FENTORA is a Opioid Analgesic that works by Fentanyl is a potent mu-opioid receptor agonist, binding to and activating opioid receptors in the brain and spinal cord, leading to analgesia and sedation.. ALFENTA is a Opioid Analgesic that works by μ-opioid receptor agonist that activates G-protein coupled receptors to inhibit adenylate cyclase, decreasing c AMP production, leading to reduced neuronal excitability and pain transmission.. They differ in pharmacokinetic profiles, FDA-approved indications, and side effect profiles.
Potency comparisons between FENTORA and ALFENTA depend on the specific clinical indication. These are both Opioid Analgesic agents and are not directly interchangeable by dose. A physician or clinical pharmacist should guide any therapeutic switching decisions.

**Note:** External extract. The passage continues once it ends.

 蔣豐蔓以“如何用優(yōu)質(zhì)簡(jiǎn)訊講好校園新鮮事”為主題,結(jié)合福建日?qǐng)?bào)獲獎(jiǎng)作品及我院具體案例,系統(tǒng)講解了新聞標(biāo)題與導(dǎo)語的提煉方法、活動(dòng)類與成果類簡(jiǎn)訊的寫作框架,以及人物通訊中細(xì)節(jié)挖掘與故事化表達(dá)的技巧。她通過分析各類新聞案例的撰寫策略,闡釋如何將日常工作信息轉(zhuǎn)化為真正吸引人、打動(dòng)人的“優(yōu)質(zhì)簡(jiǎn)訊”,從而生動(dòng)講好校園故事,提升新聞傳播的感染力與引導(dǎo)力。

The standard adult dose of FENTORA is: For opioid-tolerant adults: 100 mcg (one tablet) placed in buccal cavity; titrate upward in increments of 100 mcg per breakthrough pain episode, with minimum 2-hour interval between doses; maximum 4 doses per day.. The standard adult dose of ALFENTA is: Intravenous: Initial dose 8-20 mcg/kg (0.5-1 min) then 0.5-3 mcg/kg/min or 3-5 mcg/kg q5-20min. For short procedures: 8-20 mcg/kg. For longer procedures: 50-75 mcg/kg followed by 0.5-3 mcg/kg/min.. Dosing should always be individualized based on indication, renal and hepatic function, age, and other patient factors.

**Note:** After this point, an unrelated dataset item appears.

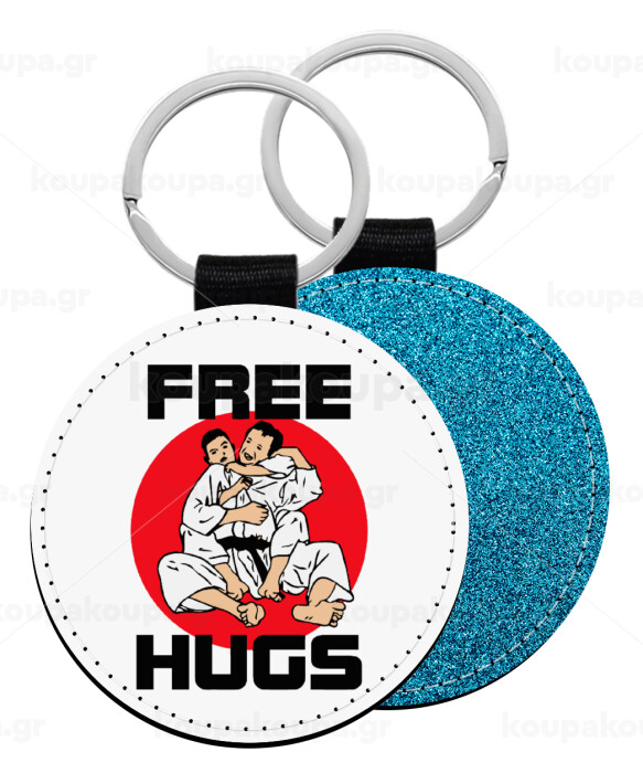 JUDO free hugs, Μπρελόκ Δερματίνη, στρογγυλό ΜΠΛΕ (5cm)

No direct drug-drug interaction has been formally documented between FENTORA and ALFENTA in current clinical databases. However, individual patient risk factors including other medications, organ function, and comorbidities should always be evaluated by a qualified healthcare provider.
The maternal-fetal safety profiles differ. FENTORA is classified as Category C. Insufficient human data; animal studies show increased skeletal anomalies and reduced fetal weight at high doses. Fentanyl is not a major teratogen but chronic use may cause neonat. ALFENTA is classified as Category C. Alfentanil, a short-acting opioid analgesic, is classified as FDA Pregnancy Category C. No well-controlled studies in pregnant women exist. In animal studies, no teratogenic effect. Always consult a maternal-fetal medicine specialist before taking either drug during pregnancy or lactation.